Killer truckers remain a clear and present danger. It’s a threat that sometimes veers far off the highway and much too close to home. In March 2023, Texas-based long-haul driver Ramin Khodakaramrezaei,1 thirty-eight, murdered a podcast host he was obsessed with. The trucker began stalking Zohreh Sadeghi, thirty-three, who went to court and got a temporary restraining order against him. But before police could find him to serve the order, Khodakaramrezaei found his target. He appeared at Sadeghi’s suburban Seattle home and shot and killed her, her husband, and then himself.
While truckers keep killing, the FBI keeps helping police solve cold-case murders by truckers. In January 2023, James William Grimsley, a fifty-five-year-old long-hauler living in Utah, was finally arrested for allegedly murdering Terrie Ladwig, a twenty-eight-year-old trans woman, in her Concord, California, apartment. She had been beaten, strangled with a cord, and murdered almost three decades earlier, in 1994. California police said forensic evidence directed them to Grimsley.
This book started as an interest in the FBI’s Highway Serial Killings Initiative but quickly became a quest to understand the cultures beneath the killings. The truckers and the trafficked, the professors and the pimps, the cops and the crime analysts took me on a journey to places I hadn’t anticipated, populated by people I never knew. They allowed me into their worlds, their realities, and their stories. I learned much from each of them—enough to offer some thoughts on tackling the tough issues around trafficking victims, the people who kill them, and what the future might hold.

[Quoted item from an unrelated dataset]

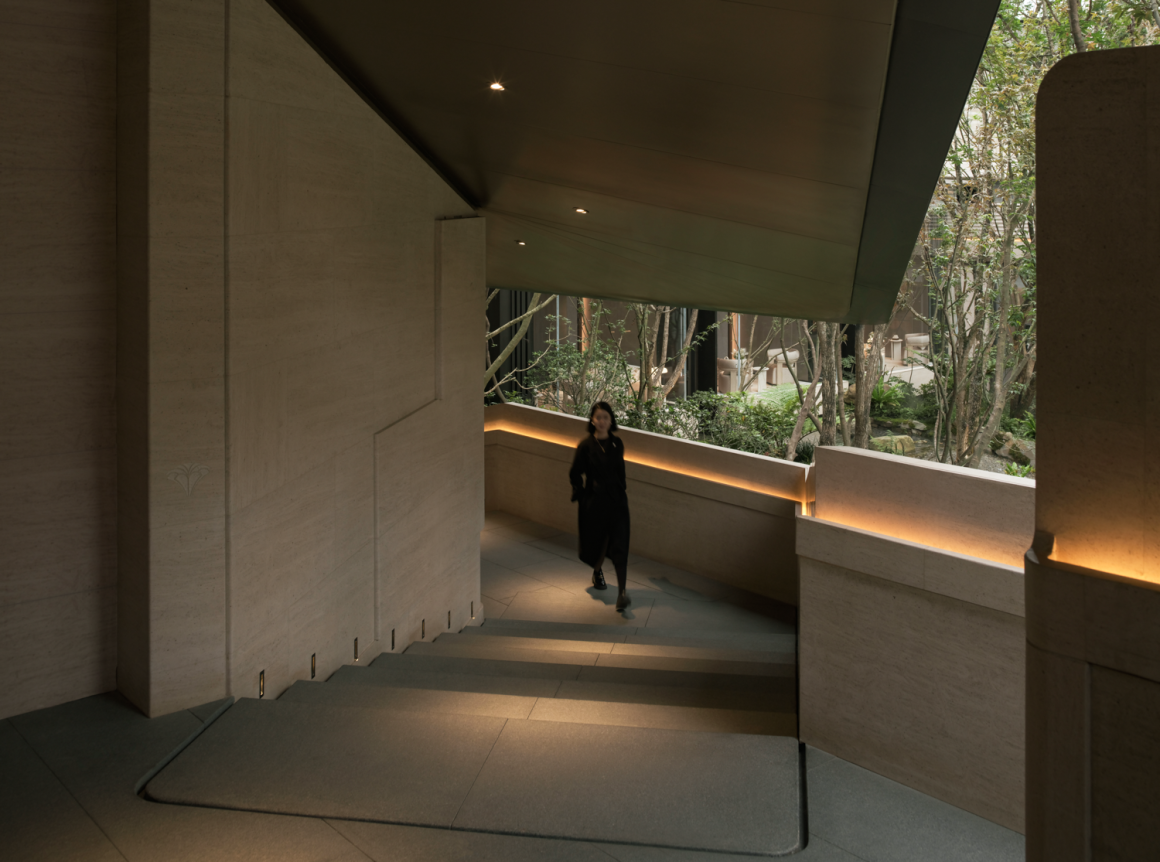 As a key hub connecting the sunken courtyard and the sales office, we have abandoned the straightforward logic of passage and instead created a secret art gallery with the soul of “turning and migrating”.

Our country has made inroads against the scourge of sex trafficking. Yet it’s hard to counter what we can’t even quantify. The estimates of the number of women, men, and children forced into sexual servitude in the United States every year vary broadly because there’s no single method of capturing the data. As detailed by DeliverFund, a nonprofit intelligence group that helps train and equip police to counter human trafficking, “one study from the Department of Health and Human Services estimates the number between 240,000 and 325,000, while a report from the University of Pennsylvania says there are between 100,000 and 300,000 victims annually.” We must get better at data collection if we’re going to make a dent in trafficking prevention. To do that, more people need to give a damn.
Victims of sex trafficking are still among the most vulnerable people in our society. Yes, there is far less sex trade at truck stops these days, but don’t be deceived. The trafficking still happens in nearby motels and massage parlors and, most of all, via the internet, the greatest force multiplier of trafficking in history.

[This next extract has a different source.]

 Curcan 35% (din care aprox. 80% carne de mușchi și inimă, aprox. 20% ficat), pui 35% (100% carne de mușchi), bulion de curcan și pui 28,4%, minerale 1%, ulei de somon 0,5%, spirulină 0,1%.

Hannah, herself an early adopter of online ads, confirmed the shift away from truck stops and toward a more tech-driven approach to trafficking.

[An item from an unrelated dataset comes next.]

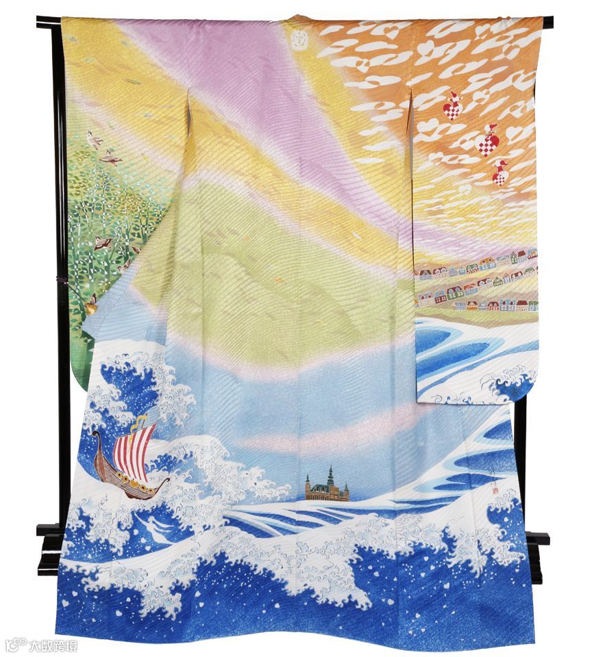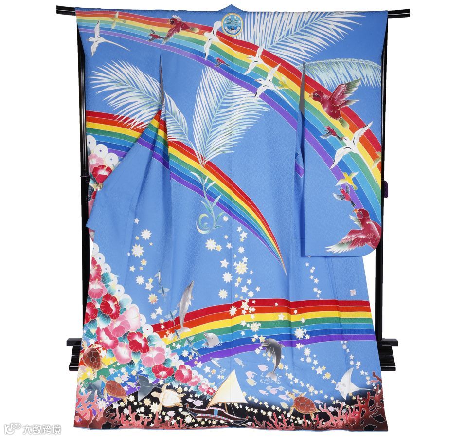 和服上大海与蓝天融为一体,彩虹划过处,

“There’s a lot more signage today at truck stops warning about trafficking. A lot of truck stops are renovated—they don’t want to return to the days of sleaze and drug sales. In my city, there are signs that warn of prosecution. The trade has shifted online: ‘Let’s meet at a motel’ or ‘Park your truck at the Walmart.’ The problem hasn’t gone away, it’s just moved. There’s also cash apps like Venmo and PayPal that make it easier for everyone—pimps, their girls, their clients—to move money around.”
The shift is not unlike the transition from Dale’s old-fashioned trucking to Mike’s high-tech logs and trackers.
Sex ads on Craigslist are largely eliminated since that platform shut down its personal-ads sections several years ago. The notorious Backpage.com is shuttered. But there are hundreds of more sites now, more decentralized, harder to isolate and neutralize. For law enforcement, anti-trafficking groups, and legislators, it’s a game of cyber-world Whac-A-Mole—take a site down, two more sites pop up. Yet the battle must continue, with increased policing of the internet and enhanced civil and criminal penalties for people and platforms that host sites where victims are trafficked.
Polaris, the anti-trafficking organization, has assembled the most comprehensive North American trafficking database. In 2018, they released results of multiyear research that found almost a thousand sex-trafficking victims were recruited online—through Facebook, dating sites, Instagram, and in chat rooms and other electronic venues, often through a technique that Polaris calls boyfriending.2
Online groomers use coded language or sometimes no language at all; emojis are part of a subtle recruitment of victims. McKenzie Zahradnik,3 a prevention educator at ASTOP (Assist Survivors. Treatment. Outreach. Prevention), had this revelation from her observance of online grooming: “The things that they were communicating wasn’t through actual words,” she said. “It was through different emojis and they meant different things. So if we take our child’s phone and we’re trying to look through it, do we always know what that fully means?”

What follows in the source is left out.